Assignment -> Output exactly the lines from the one containing "VENDO DE OPORTUNIDAD" through the final line of the entries below, both included, and skip the pictures.

Provided records ->

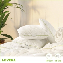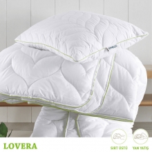 Lovera yastık 855 gr. %100 HCs virgin boncuk elyaf dolgulu bir yastıktır. Boncuk elyaf ezilmeye karşı daha dayanıklı ve esnek bir dolgudur. Elle havalandırarak eski şekline geri getirilebilir. Yan ve sırt üstü yatanlara tavsiye edilir. Lovera yastığın dışında bulunan fermuarlı kapitone  alez sık sık yıkanabilir ve iç yastığın temiz kalmasını sağlar. İç yastık yine fermuarlıdır. Fermuarı açarak hem dolgu malzemesini görebilir hem de isteğinize göre içerisinden dolgu çıkararak daha alçak kullanım ile rahatlığınızı destekleyebilirsiniz. Lovera yastığın dış kumaşı  Aloe Vera ile zenginleştirilmiş optik beyaz mikro kumaştır.  Ölçüsü standart 50x70 cm’dir.
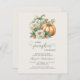This cute baby shower invitation features a watercolor image of two pumpkins in pastel shades of sage green and orange, adorned with white and orange flowers. Below, the words "a little pumpkin is on the way," appear, with the word "pumpkin" in sage green handwriting script decorated with curlicues in imitation of pumpkin vines. Personalise the text with the name of the mum-to-be in orange script and the details in charcoal grey sans serif font on a beige background. Ideal for a gender-neutral fall baby shower.
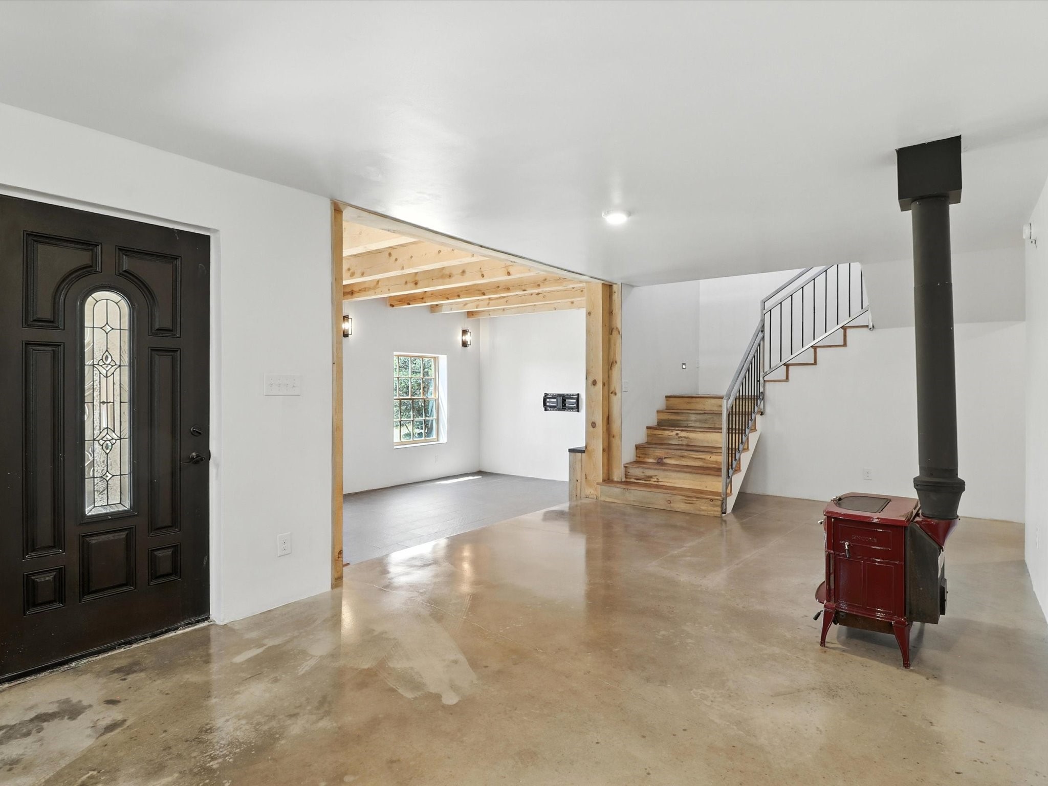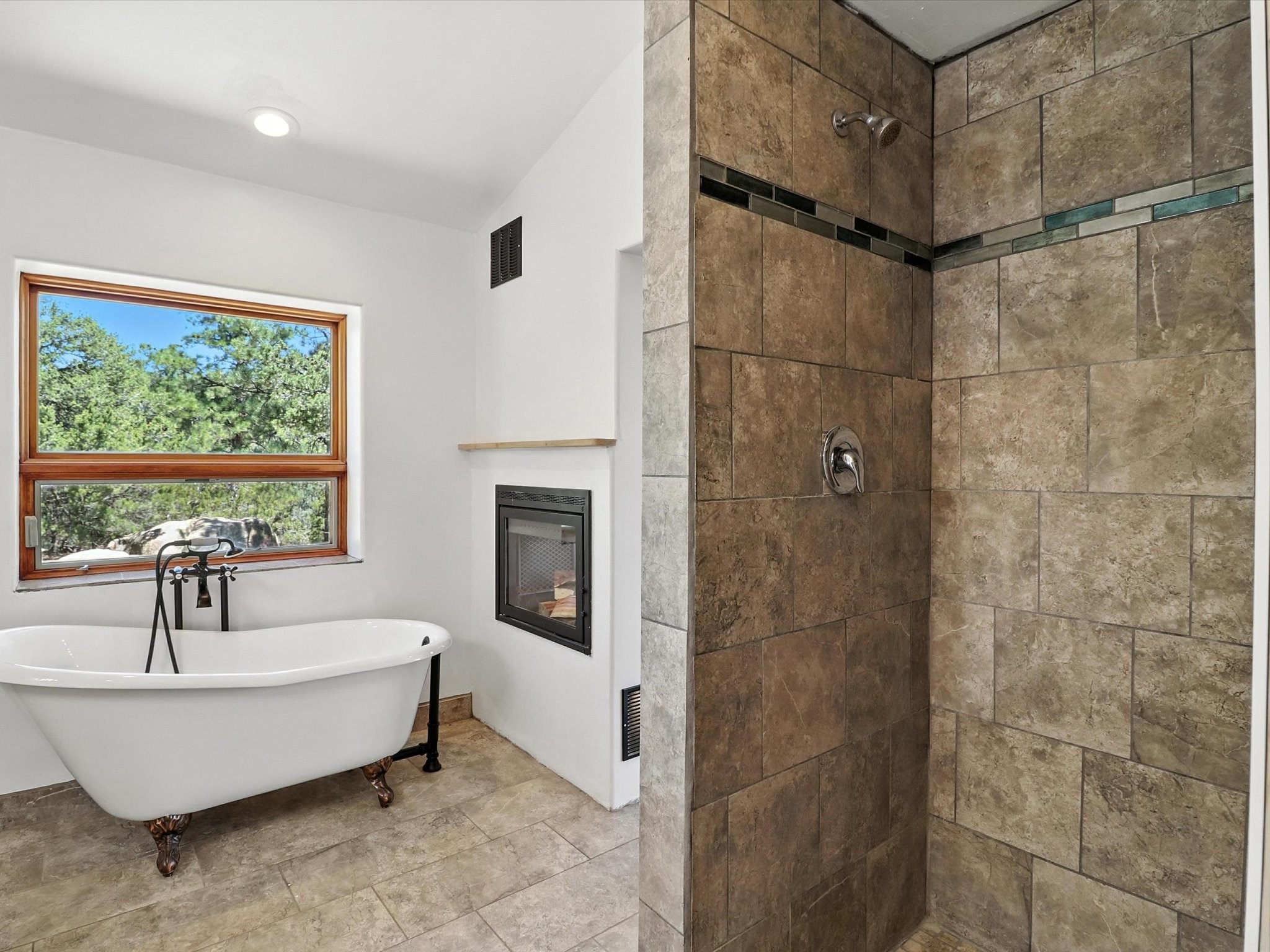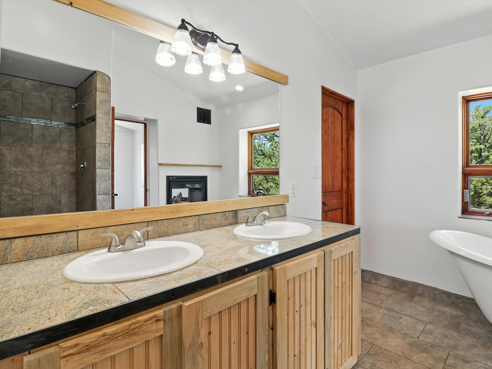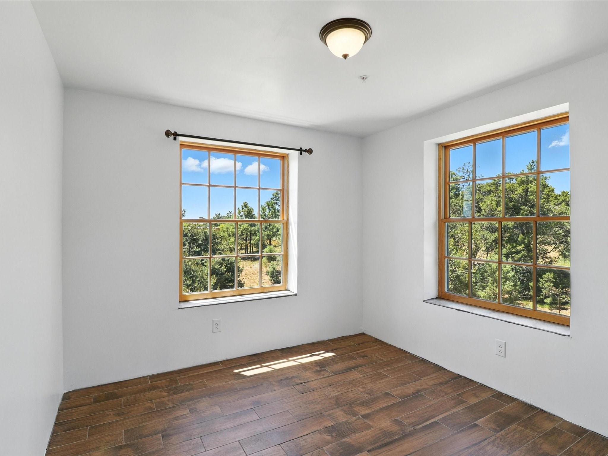 Modern Mountain Retreat Just off of Old Santa Fe Trail. A serene sanctuary nestled into the mountainside and surrounded with pines. This beautiful home offers breathtaking views of the green valley, the Shaggy Peaks and Pecos Mountains beyond--an ideal setting for those seeking peace, space, and connection with nature.With 3 spacious bedrooms and 2 full bathrooms, this home has a spacious living area perfect for relaxing, entertaining, and creating. The open-concept layout seamlessly blends the dining and kitchen spaces; all bathed in natural light from large windows that frame the stunning landscape. The kitchen is crafted for both functionality and style, making it the true heart of the home.Enjoy the comfort of a stone-tiled en-suite bath with a soaking tub and a cozy fireplace, a spacious walk-in closet, and private access to a balcony where morning coffee comes with inspiring Forest views.Each bedroom is graced with large windows that invite sunlight and forest views, while a separate laundry room upstairs adds everyday convenience. The attached garage adds to the practicality of this quiet haven, blending comfort and utility.Set in a peaceful, rural-feeling location, yet with easy access to town, 25 Calle Marisol offers the best of both worlds--tranquility and convenience. If you're seeking a lifestyle surrounded by nature, with room to breathe and views to inspire, this is your perfect place to call home.
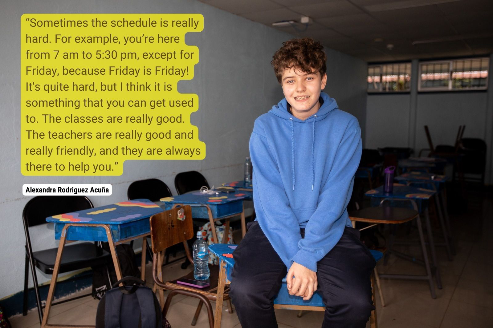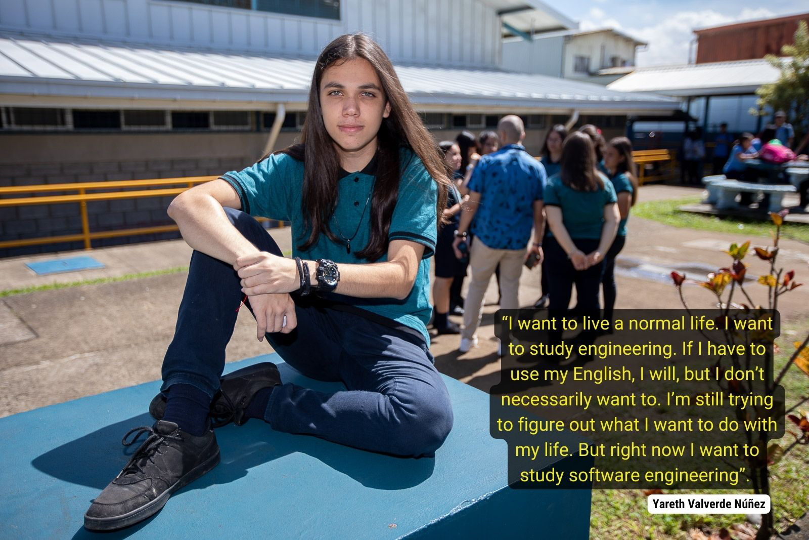“Yes, we come from 7 am sometimes to 5pm. So it’s really hard, you know, but I think it has benefits,” says Mariana Corella Calvo, Yareth’s section partner. She, too, answers entirely in English.
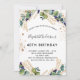 För en 40:e (eller någon ålder) födelsedagsfest. En vit bakgrund som dekorerats med eukalyptus greenery och gyllene löv. Dekorerad med faux golden glitter. Anpassa och lägg till information om namn och bröllop. Svart och guldfärgad färgad brev. Bakåt: vit bakgrund.
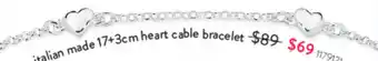 This Italian made heart cable bracelet is currently on special at Goldmark. Check out the best deals and enjoy great savings while this product is on sale. Buy Italian made heart cable bracelet online via the Goldmark website or grab it at the lowest available price nearby. Catalogueoffers.com.au collects all Italian made heart cable bracelet specials for you. Want to stay informed? Click the bell icon to get a free alert when this product is back on special or part of a new promotion.Frequently asked questions about Italian made heart cable bracelet
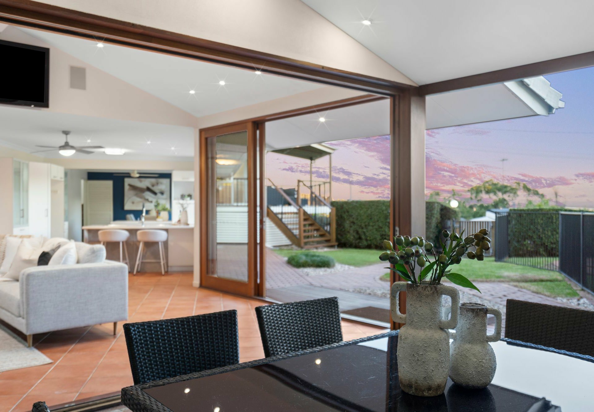 From the moment you enter, the wide frontage and lush elevation set the tone for a home that blends elegance with comfort. Timber accents, tiled floors and expansive windows frame the views and let natural light pour in across the open-plan living, dining and rumpus areas. The split-level layout creates interest and heightens the sense of space whilst also providing the separation that most families desire. Bi-fold timber doors extend the living space outdoors to an expansive alfresco - complete with ceiling fan - perfect for hosting summer barbecues or relaxing poolside with a drink in hand.
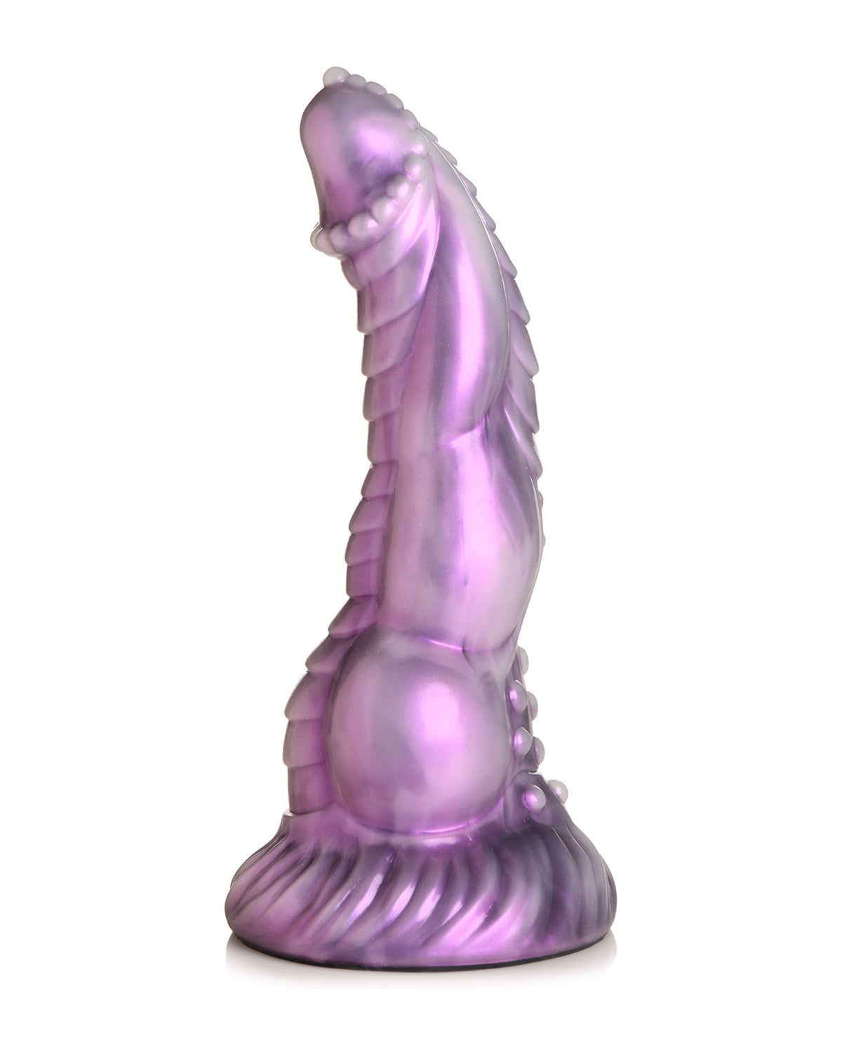 Poznaj Celestial Cock - niezwykłe dildo inspirowane mitycznym, niebiańskim smokiem. Jego perłowo-różowa powierzchnia, lśniąca niczym magiczny artefakt, przyciąga wzrok, a tekstura koralików i łuskowatego trzonu dostarcza unikalnych doznań podczas każdego ruchu.
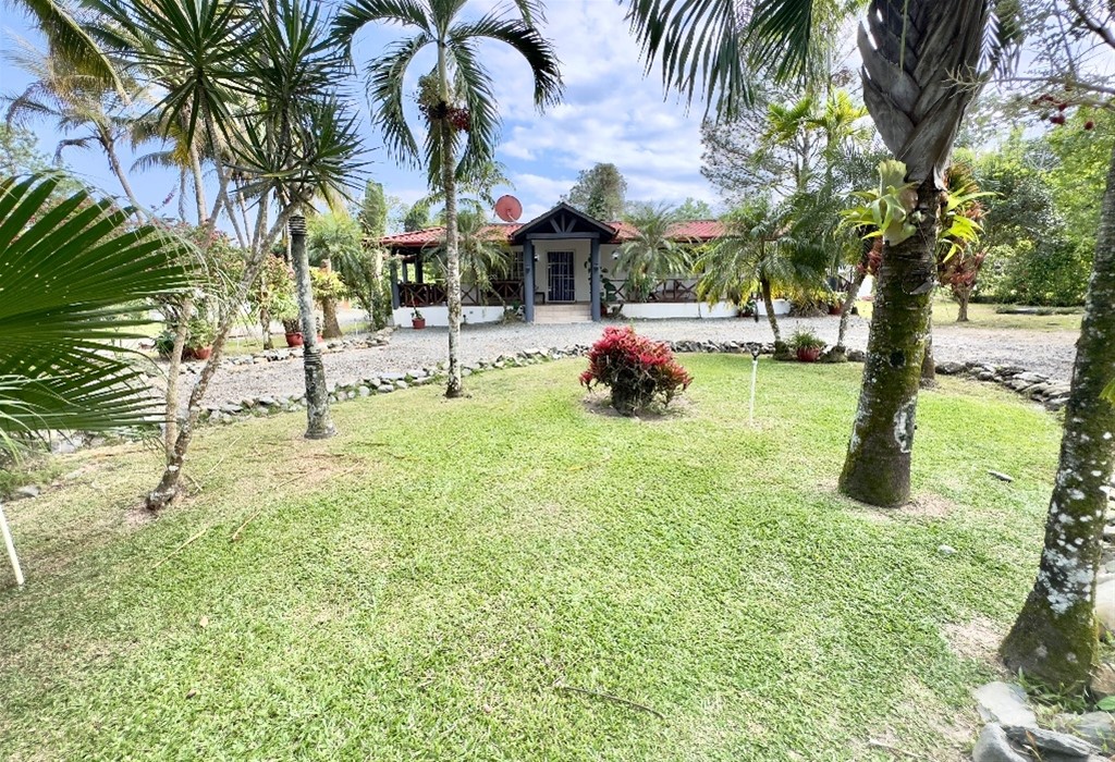 VENDO DE OPORTUNIDAD HERMOSA VILLA DE UN NIVEL, dentro de un sector de villa campestre con seguridad privada, calles asfaltadas y acceso al río. A tan solo 35 minutos de la ciudad de Santo Domingo. Consta de: 6,648.68 mts2 de terreno 250 mts2 de construcción de villa en un solo nivel de 3 habitaciones cada una con su baño (la habitación principal con closet revestido en cedro) con aires acondicionados, cocina, terraza que rodea hasta tercera parte de villa. 2 gazebos: el principal es grande, 1/2 baño, bar equipado, el segundo con amplio BBQ. casa para empleado de 2 habitaciones y baño. Piscina desmontable. Cercada en malla siclonica, portón eléctrico, cisterna, dos tinacos, planta eléctrica de 35 kilos, Inversor, arboles adultos frutales, jardines, está rodeado de montañas, hay ríos cercanos, las calles están asfaltadas y pavimentadas, se encuentra a 40 minutos de la ciudad, con portón eléctrico y cuarto de máquinas.
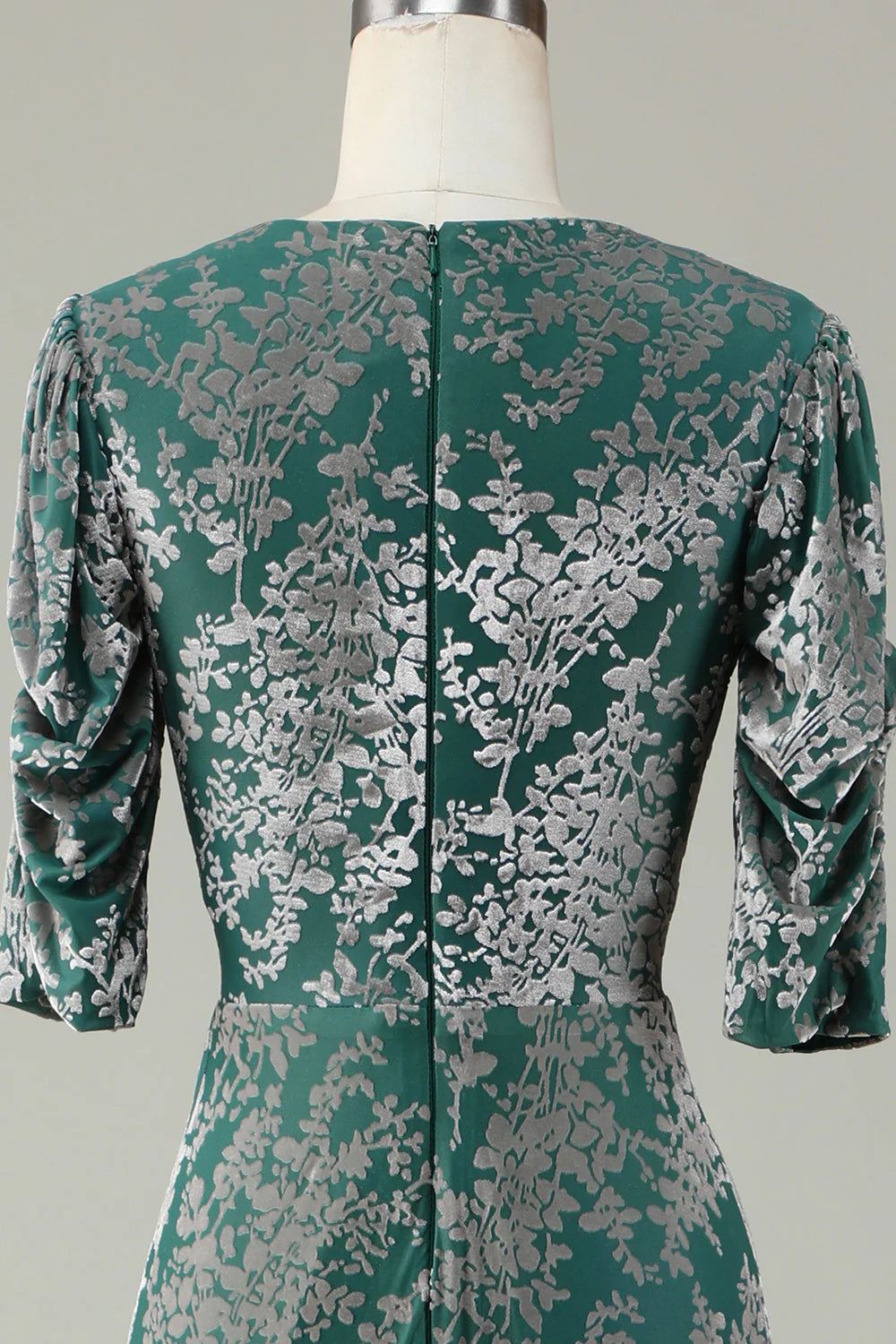 Vestido de dama de honor de terciopelo sirena gris verde con mangas - EE. UU. 2 / Reino Unido 6 / UE 32
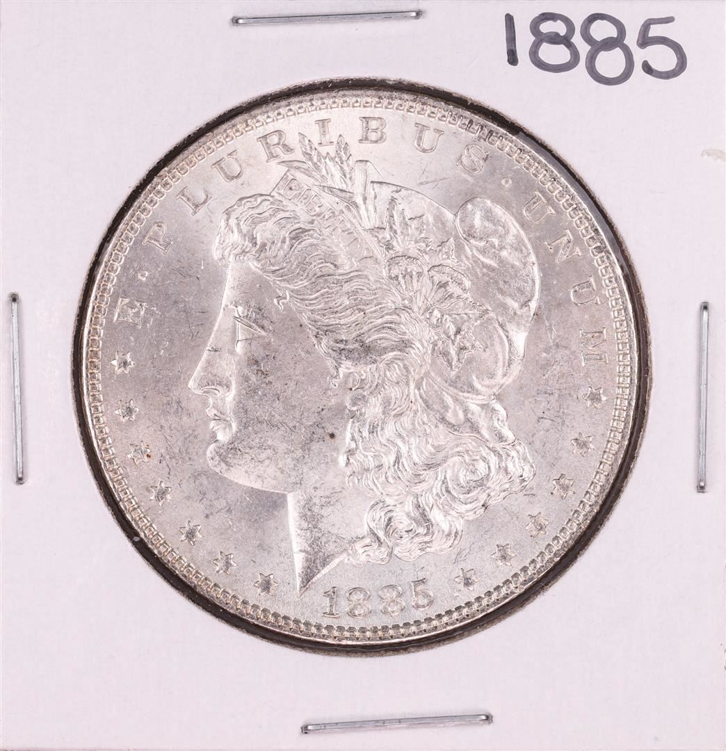 One 1885 $1 Morgan Silver Dollar Coin.
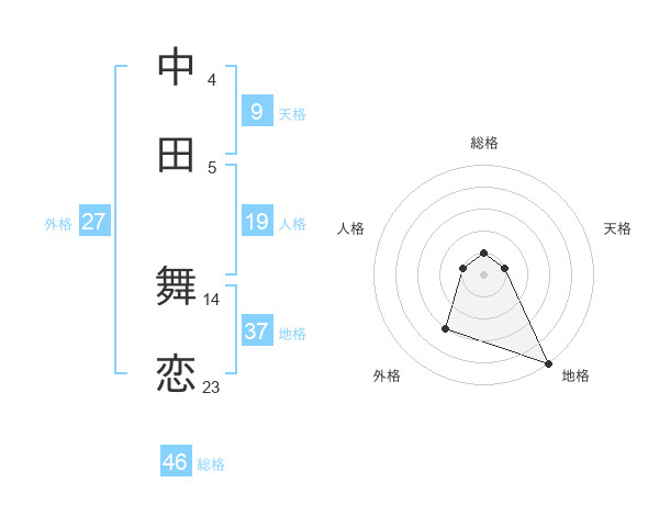 中田 舞恋さんを姓名の画数から五運を鑑定

Solution to the exercise ->
 VENDO DE OPORTUNIDAD HERMOSA VILLA DE UN NIVEL, dentro de un sector de villa campestre con seguridad privada, calles asfaltadas y acceso al río. A tan solo 35 minutos de la ciudad de Santo Domingo. Consta de: 6,648.68 mts2 de terreno 250 mts2 de construcción de villa en un solo nivel de 3 habitaciones cada una con su baño (la habitación principal con closet revestido en cedro) con aires acondicionados, cocina, terraza que rodea hasta tercera parte de villa. 2 gazebos: el principal es grande, 1/2 baño, bar equipado, el segundo con amplio BBQ. casa para empleado de 2 habitaciones y baño. Piscina desmontable. Cercada en malla siclonica, portón eléctrico, cisterna, dos tinacos, planta eléctrica de 35 kilos, Inversor, arboles adultos frutales, jardines, está rodeado de montañas, hay ríos cercanos, las calles están asfaltadas y pavimentadas, se encuentra a 40 minutos de la ciudad, con portón eléctrico y cuarto de máquinas.
 Vestido de dama de honor de terciopelo sirena gris verde con mangas - EE. UU. 2 / Reino Unido 6 / UE 32
 One 1885 $1 Morgan Silver Dollar Coin.
 中田 舞恋さんを姓名の画数から五運を鑑定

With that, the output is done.